Y en medio de todo, como un monarca sombrío en una corte generosamente engalanada, se levantaba una casa victoriana con estructura de madera de tres pisos. Era en su mayor parte de color verde, aunque con salpicaduras de negro, rojo ladrillo y amarillo. Puede que en el pasado hubiese sido de dimensiones modestas, antes de los aleros y buhardillas y patios, las reformas que le habían sumado habitaciones y alas enteras. Debería haber sido horrible. Pero en cambio poseía una especie de ritmo, como si media docena de personas diferentes hubieran acordado vestirse del mismo modo e interpretar una danza colectiva.
-Juraría -dijo Frances- que esto no estaba aquí cuando me marché.
-¿Y cuánto tiempo hace de eso?
-Ya lo sé. Pero esa casa es mucho más vieja que yo.
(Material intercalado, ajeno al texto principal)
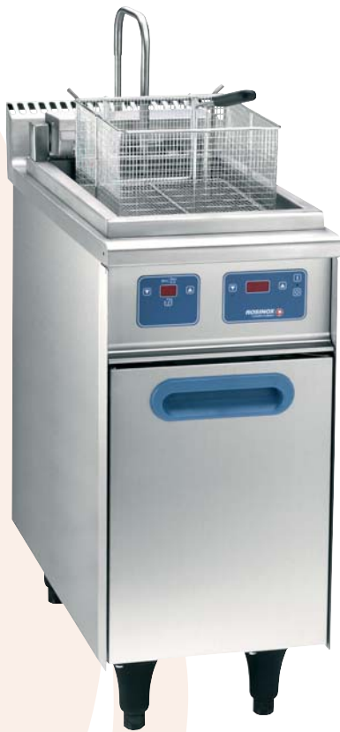
FR 30 E HP - RF con opción elevador automático 1 cestillo

Resistencia blindada de acero inoxidable, articuladas, basculantes, para una fácil limpieza y reguladas por un termostato electrónico con mandos sensitivos, limitando la temperatura del baño de aceite a 180 °C.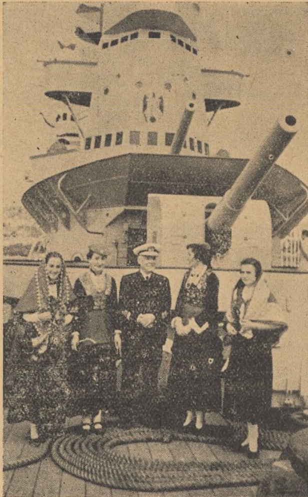
FERROL.—El Almirante Cervera con la Comisión de Damas que asistieron a la botadura del crucero Navarra.

En un arrabal de Sevilla se presentó una banda de esos hombres sin Dios ni patria que ganaban la vida dando sesiones de juegos de manos, circo y prestidigitación, embaucando a las gen-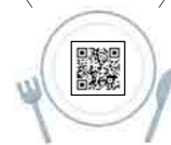
子育て健康課 管理栄養士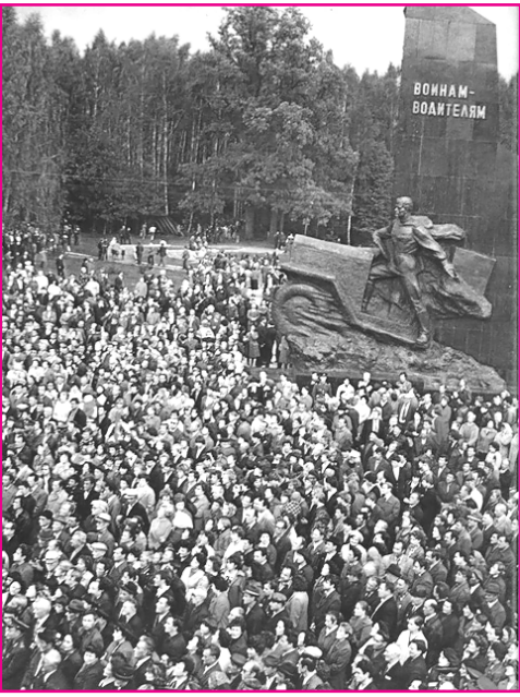
55 лет назад, 12 сентября 1968 года, у автомобильного шоссе Брянск-Орёл открыт первый в стране памятник воинам-водителям, участникам Великой Отечественной войны.

В 1968 году Брянская область праздновала 25-летие со дня освобождения от немецко-фашистских захватчиков. В честь подвига воинов-водителей на 112-м километре автодороги Орёл-Брянск-Витебск в живописном месте в урочище Осиновая горка был воздвигнут памятник. У подножия тридцатиметрового пилона – фигура солдата-водителя. Он стоит на подножке вздыбленного автомобиля. Правая рука воина лежит на руле, взгляд устремлен вперёд, на дорогу.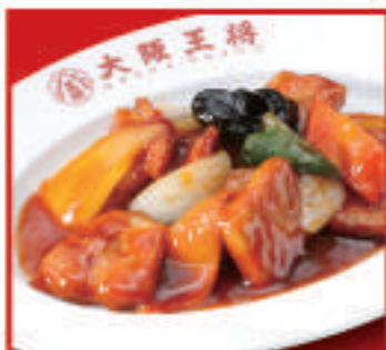
野菜たっぷり酢豚

Sin embargo…
A estas alturas, el coche se había detenido en el porche delantero, seguido por el triciclo. El señor Lyle salió y, mientras el perro lo seguía de un salto, abrió la puerta del copiloto para la mujer. Tuvo la misma deferencia con Frances mientras su… ¿jefa? ¿socia?… subía apresuradamente las escaleras con un repiqueteo inflexible de tacones sobre la madera. Se volvió al llegar arriba.
-Creo -dijo- que será mejor que lleven a su amigo. Les costará más que al señor Lyle, pero así se ahorrarán problemas.
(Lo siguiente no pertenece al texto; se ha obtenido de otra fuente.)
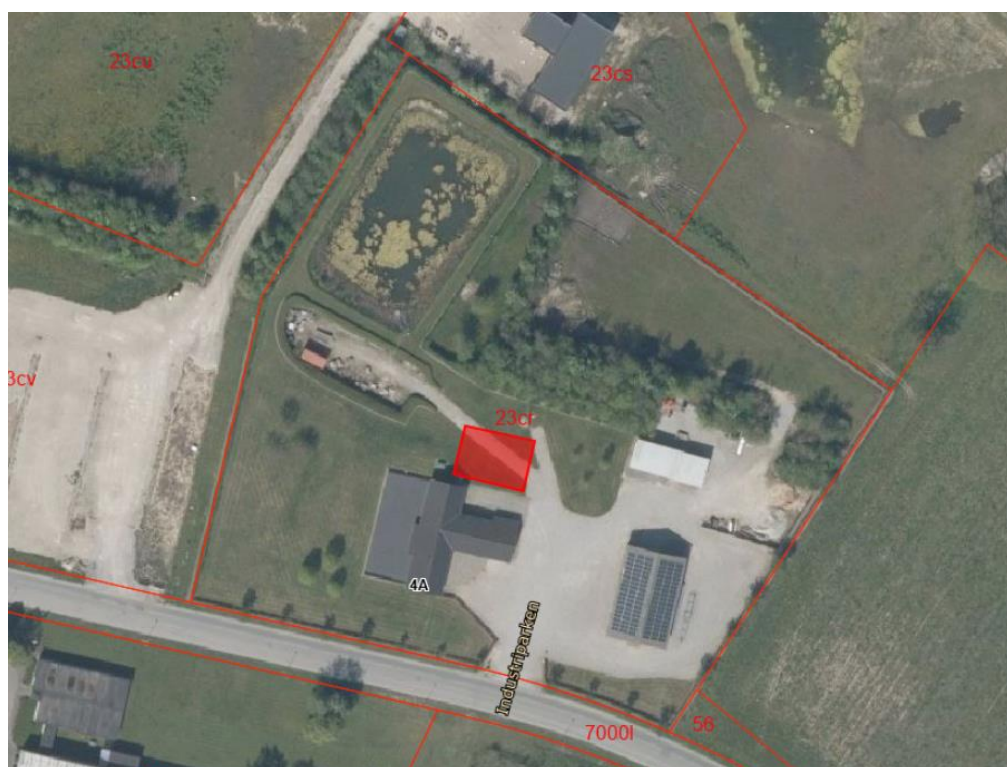
Det ansøgte er markeret med rød firkant.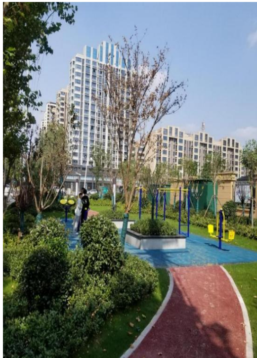
怀仁路街头游园实景图

中学、湿地公园等，做到以点连线，以线串面，以面成环；同时配套标识、标牌、驿站、公厕、座椅等便民设施，使市民在绿色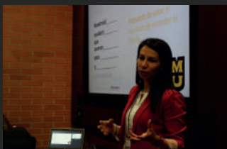
Conferencias Customer Discovery and Value Proposition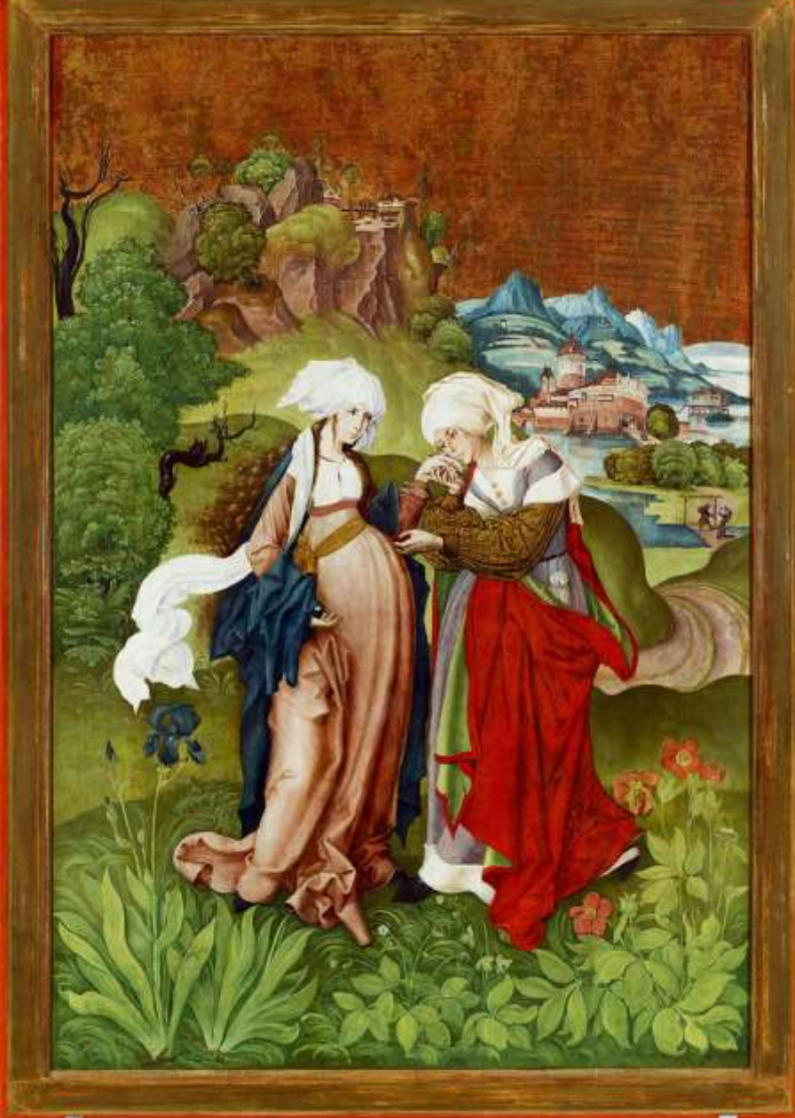
M.S. mester Vizitáció című festménye

Zsigmond király olasz hadvezére, Pipo de Ozora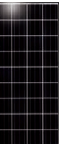
Kyocera Solar PV-Modul KD135GH-2PU für die Photovoltaikanlage bei Ökohaus-Althaus

Weitere Projektbeschreibungen auf www.oekohaus.net . Nähere Infos zur ETU Software auf www.etu.at oder telefonisch 07582-51 451.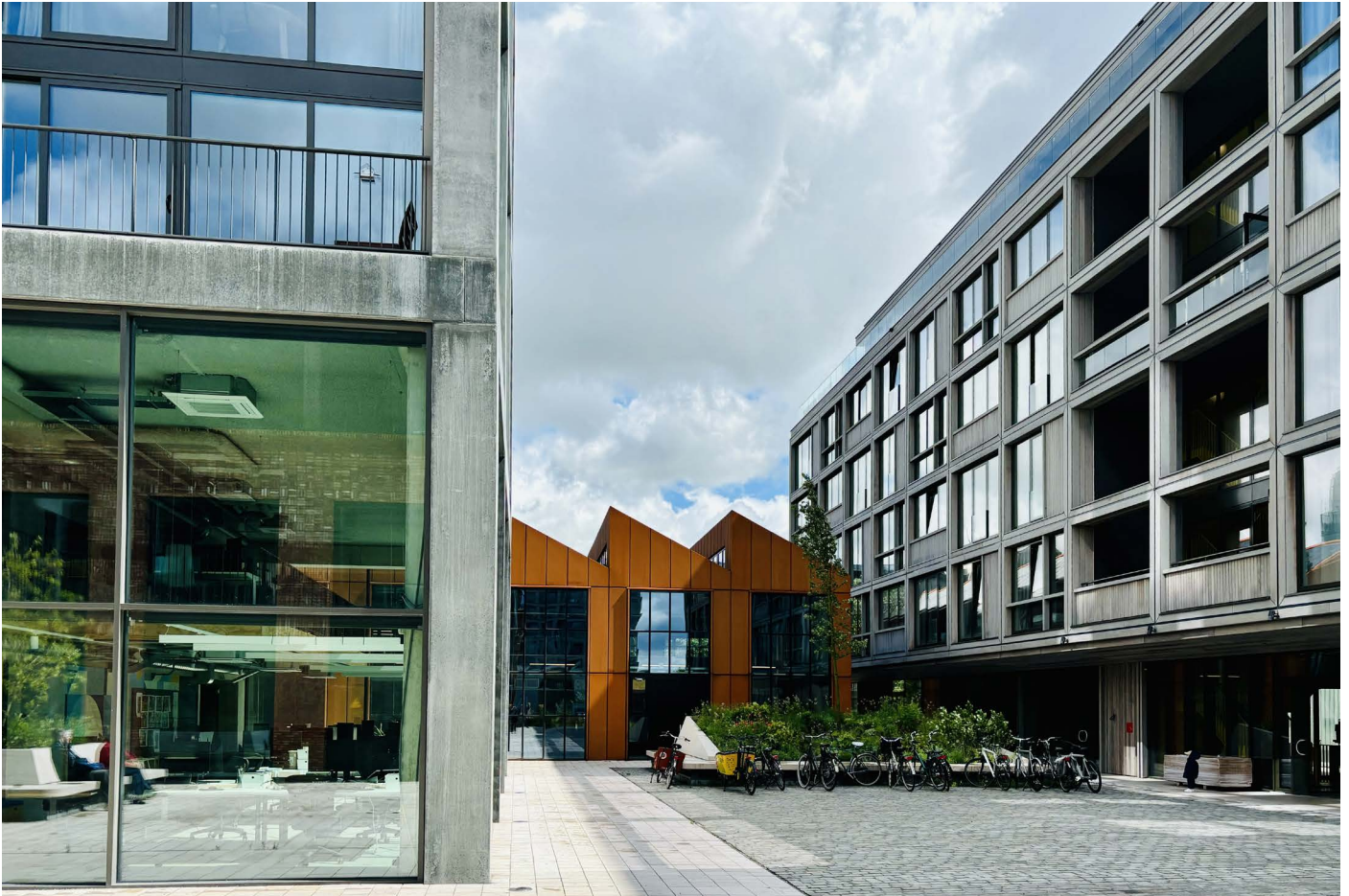
Republica, Amsterdam

Amsterdam | Rotterdam | Programm 21. - 24.06.2026 | Circular Construction

Frances se detuvo en el ángulo de la puerta abierta y me miró. Parecía atrapada entre la curiosidad y la frustración.
-Por Dios, ahorrémonos problemas, sí. ¿Prefieres la cabeza o los pies?
-La cabeza -dije-. Los pies pesan menos.
-Ahórrate la caballerosidad. Te falta el equipamiento apropiado. -Se apartó para dejarme salir. El señor Lyle estaba cerca, a una distancia medida con prudencia: demasiado lejos para que lo sorprendiéramos pero lo bastante cerca para detenernos si hacíamos alguna tontería.
-Pero sí que tengo la fuerza. -Cogí al inerte Mick por las axilas y lo arrastré-. Pensaba que había que tomar una manzana envenenada para estar tanto tiempo inconsciente. ¿Qué crees que le habrán hecho?
-Espero que no lo de la manzana, porque como sea así vamos a tener que besarlo. Puede que si nos portamos bien la señora de las alarmantes cejas nos lo cuente. Hasta puede que nos cuente lo de las cejas. ¡Joder! -Lo dijo de improviso y al instante apretó los labios. Fue la única fuga en su sobrenatural coraza de autocontrol. Para mí, la cosa no estaba yendo mal. No esperaba ser capaz de controlar la situación.
Como había cogido la cabeza, me tocó ir hacia la casa de espaldas. No creo que la cosa hubiese mejorado mucho si hubiese ido de frente.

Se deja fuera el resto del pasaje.